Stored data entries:
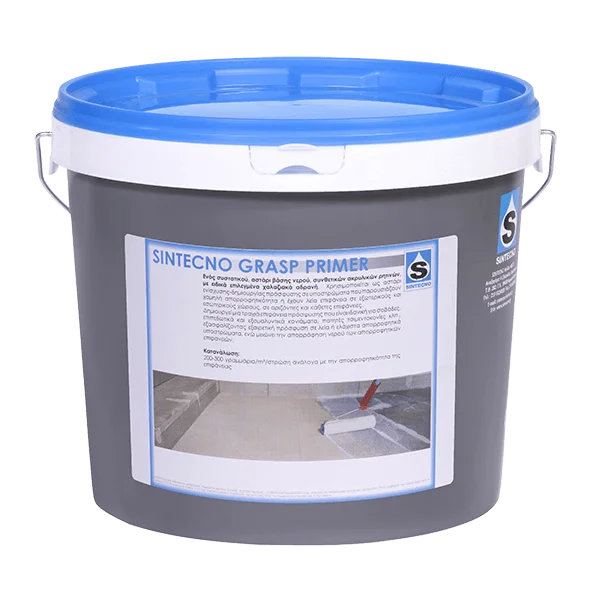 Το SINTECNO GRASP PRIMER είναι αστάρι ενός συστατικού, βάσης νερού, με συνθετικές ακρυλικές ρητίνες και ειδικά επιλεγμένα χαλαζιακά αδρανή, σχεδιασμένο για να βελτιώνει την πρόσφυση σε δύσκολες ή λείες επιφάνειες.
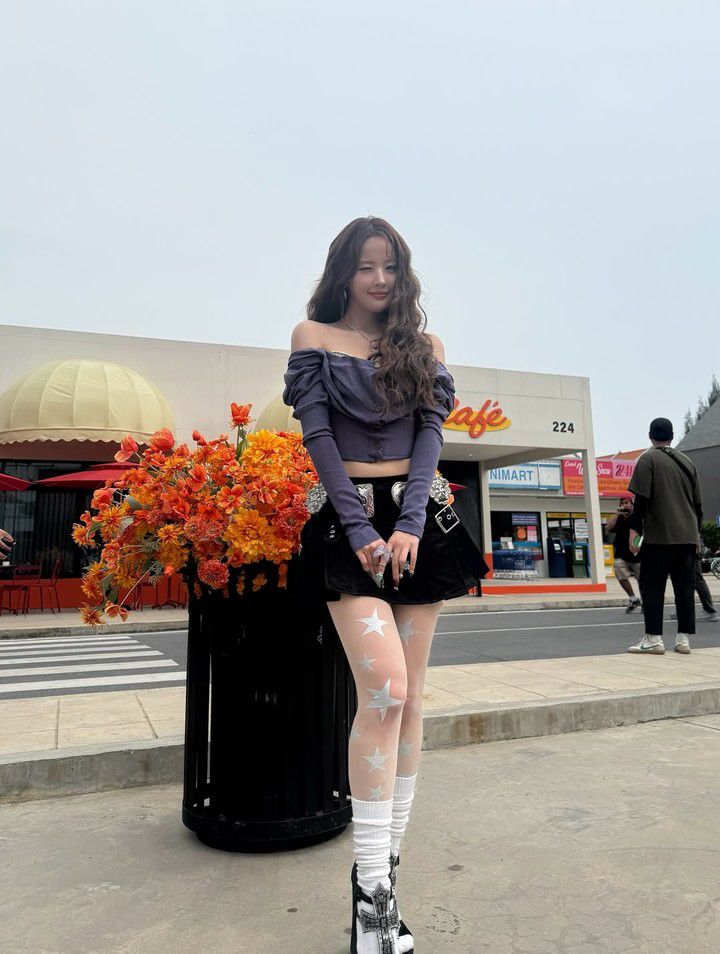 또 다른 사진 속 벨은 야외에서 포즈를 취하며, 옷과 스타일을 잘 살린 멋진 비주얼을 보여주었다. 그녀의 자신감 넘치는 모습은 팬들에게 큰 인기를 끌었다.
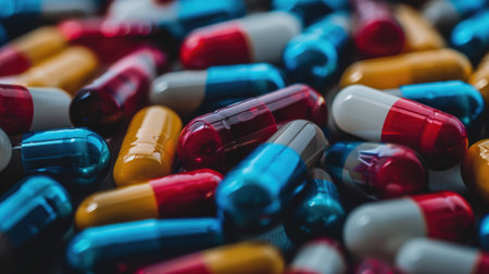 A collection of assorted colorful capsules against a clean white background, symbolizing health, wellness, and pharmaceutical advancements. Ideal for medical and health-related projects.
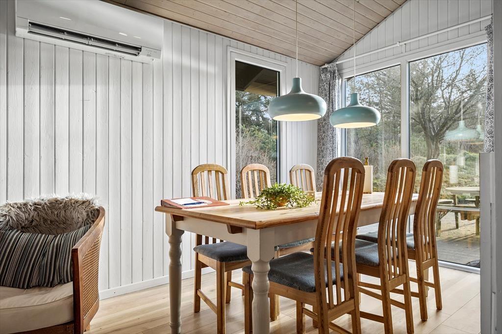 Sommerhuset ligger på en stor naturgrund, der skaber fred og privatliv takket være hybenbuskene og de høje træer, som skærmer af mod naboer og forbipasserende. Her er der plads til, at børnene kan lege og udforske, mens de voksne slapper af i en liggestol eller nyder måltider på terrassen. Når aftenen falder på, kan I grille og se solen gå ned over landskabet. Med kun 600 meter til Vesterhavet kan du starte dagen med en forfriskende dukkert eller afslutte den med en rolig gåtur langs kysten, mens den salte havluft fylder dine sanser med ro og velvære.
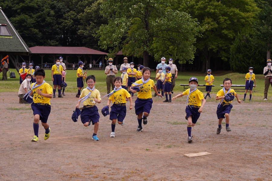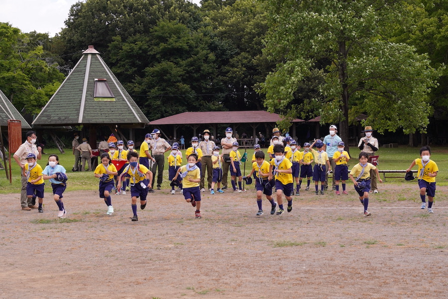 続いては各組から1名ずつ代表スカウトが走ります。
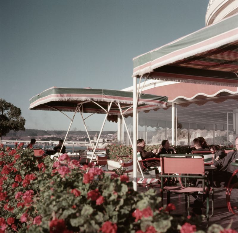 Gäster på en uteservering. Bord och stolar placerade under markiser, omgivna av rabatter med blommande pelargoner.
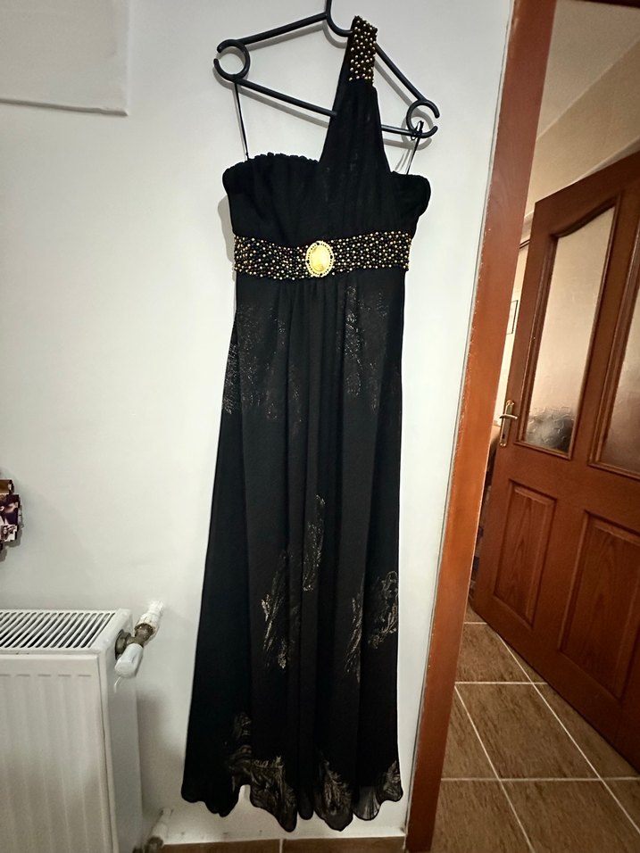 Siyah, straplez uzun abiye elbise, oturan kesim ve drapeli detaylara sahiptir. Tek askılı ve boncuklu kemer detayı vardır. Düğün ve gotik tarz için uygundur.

TASK PROMPT -> Output exactly the lines from the line with "Gäster på en" to the last line of the records, including both, and leave every picture out.

TASK RESULT ->
 Gäster på en uteservering. Bord och stolar placerade under markiser, omgivna av rabatter med blommande pelargoner.
 Siyah, straplez uzun abiye elbise, oturan kesim ve drapeli detaylara sahiptir. Tek askılı ve boncuklu kemer detayı vardır. Düğün ve gotik tarz için uygundur.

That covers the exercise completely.